Real time marketing is one of those buzzwords that is here to stay. Real-time has two distinct meanings – it could either be content served in a timely way, often via social media. Or, it could be timely advertising, usually served on programmatic platforms.

For the purpose of this piece we will focus on social and content.

Social networks continue to be extremely popular in the UK according to the Office for National Statistics, so opportunities for real-time marketing are increasing.

More planning, not less

Mike Tyson said, ‘everyone has a plan. Then they get punched in the face’. Lots of different plans are necessary. Plan ‘A’ is fine, but plans B-F are equally important. “You need to know what you need to measure, and what success looks like. What are the KPIs, and the processes to agree with clients?
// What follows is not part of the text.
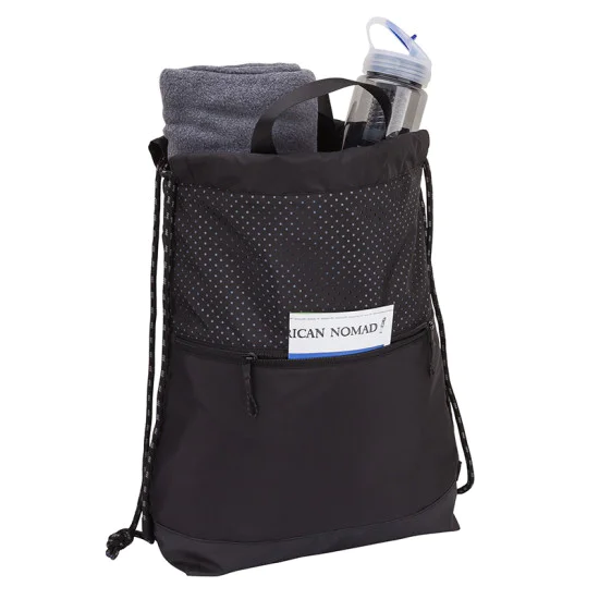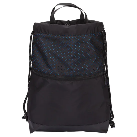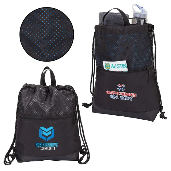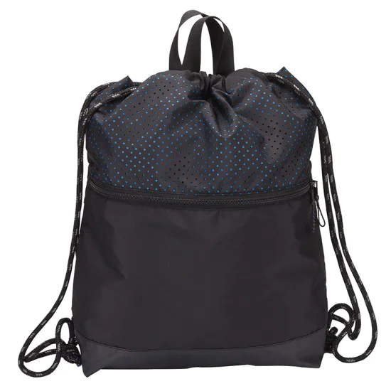The Adelanto drawstring bag combines style with functionality. Made of lightweight pongee polyester with water resistant TPU coated base and 210D lining, this bag has a perforated mesh design with stylish colored background underneath the front panel. The thick two-tone cord drawstrings double as backpack straps and the outside of the bag has a large zipper compartment. The magnetic button closure for the main compartment is flanked by two convenient carry handles.

What is successful, and contingencies need to be taken to take advantage of real-time insights? If real-time can’t inform your behaviour, then there is no point,” explains MEC’s head of real-time planning, Dan Plant.

Do you have permission?

Brands can get it wrong. There are many examples, particularly on social media. Everyone has seen awful or even offensive campaigns that have done more to damage a brand than promote it. Make sure your campaign isn’t one. If people follow your brand on social media, does this give you permission to dictate to them? Well no. If brands focus just on what they can get out of their followers then they are heading for disaster. What do consumers get out of the relationship?

Understand the data

What you observe might not be the whole story. Dan Plant gives an example of this, working on the launch of EE. EE had a six month lead over other 4G operators, and everything that could be tracked was tracked. One search term, ‘Nokia 920’ scored very highly in tracking. Intuition would be to put money behind the phone, perhaps create more content around it. Wrong. “Sentiment analysis showed this was top for negative reasons. People complained that EE had the phone exclusively, but EE was an untrusted brand. So instead the money was spent against the audience not the phone, so persuade them the network was right, regardless of the phone.”

Relevant and topical are not the same

Making relevant statements is not the same as being relevant. KitKat used an image of a battered tennis ball, the numbers 70-68 and the phrase ‘Have a break, have a KitKat’ on sandwich boards around Wimbledon the day of the longest-ever game of tennis between Isner and Mahut in 2010. The numbers referred to the games won in the final set. This was a great example of how to do it right. A brilliant piece of real-time advertising, and not even digital.

Timing and patience

Comedian David Schneider saves reams of jokes about things that might happen, then releases them when they really do happen. Plan everything as well as you can, and with as many contingencies as possible.

Adapt and refine

Improve your campaigns based on what you have learned and don’t make excuses or find a scapegoat. Better to learn from mistakes and move on. “Real-time marketing is really pseudo real-time, because you still need human decision making, human instincts to do this properly,” says Plant.